Klaus Töpfer (born 29 July 1938) is a German politician (CDU) and environmental politics expert. From 1998 to 2006 he was executive director of the United Nations Environment Programme (UNEP).

Early life and education 
Töpfer was born in Waldenburg, Silesia. He studied economics in Mainz, Frankfurt and Münster. In 1968 he earned his doctorate at the University of Münster.

Early career 
In 1971, Töpfer was appointed Head of Planning and Information of the Federal State of Saarland, a post he held until 1978. During that time, he also served as a visiting professor at the Academy of Administrative Sciences in Speyer, and consulted several countries on development policy, among them Egypt, Brazil and Jordan. He spent the following year at the University of Hannover as Professor and Director of the Institute for Spatial Research and Planning.

Political career 
In 1985 Töpfer became State Minister for the Environment and Health in the government of Minister President Bernhard Vogel of Rhineland-Palatinate.

In 1987 Töpfer became Federal Minister for the Environment, Nature Conservation and Nuclear Safety under Chancellor Helmut Kohl.

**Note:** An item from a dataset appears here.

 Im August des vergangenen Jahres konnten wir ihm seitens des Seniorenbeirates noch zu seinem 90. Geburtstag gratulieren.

During his time in office, Germany established the Federal Office for Radiation Protection as a response to the Chernobyl disaster. From 1994 to 1998 he served as Federal Minister for Regional Planning, Civil Engineering and Urban Development. He was member of the Bundestag from 1990 to 1998 and member of the Steering Committee of the CDU from 1992 to 1998.

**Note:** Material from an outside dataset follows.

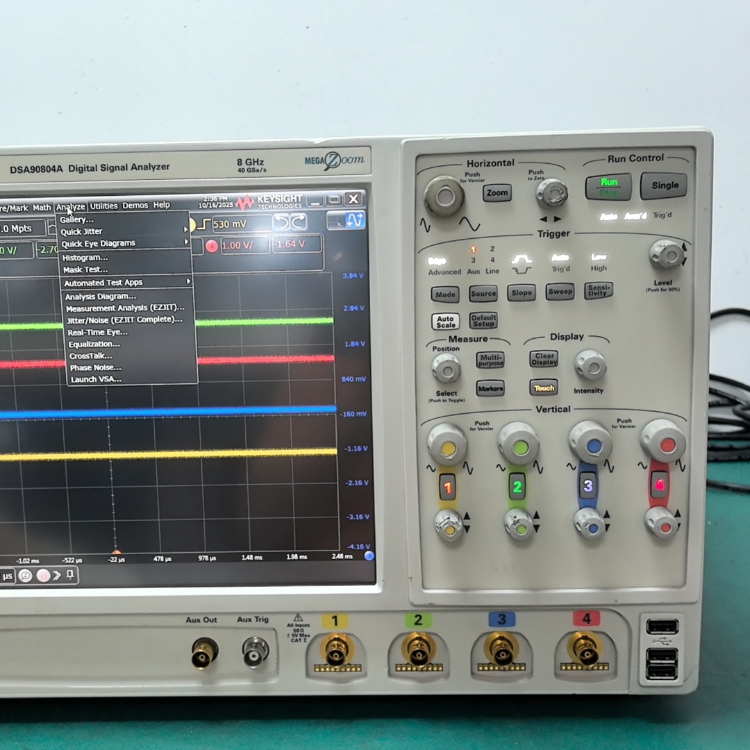 DSA90804A 是是德科技(原安捷伦)Infiniium 系列的高性能数字信号分析仪(示波器),主打高速串行信号的时域 / 频域分析,是 10G 以太网、PCIe 等高速数字系统测试的核心设备。

In 1998 Töpfer was appointed Under Secretary General of the United Nations, General director of the United Nations office in Nairobi and Executive Director of the United Nations Environment Programme. Among the milestones of his eight-year tenure are a number of important environmental agreements, including the Cartagena Protocol on Biosafety and the Stockholm Convention on Persistent Organic Pollutants. Töpfer was also closely involved in behind-the-scenes negotiations in support of the Kyoto Protocol on climate change. In June 2006 he was succeeded in this office by Achim Steiner. As director of UNEP, he has had a key role in gauging and attempting to remedy the environmental costs of the 2004 Asian tsunami.

Later career 
In 2009 Töpfer was appointed founding director of the Institute for Advanced Sustainability Studies (IASS) which performs research between climate problems and sustainable economics. This institute is located at Potsdam, Germany. The institutes funding is provided by the federal government of Germany Federal Ministry of Education and Research (Germany).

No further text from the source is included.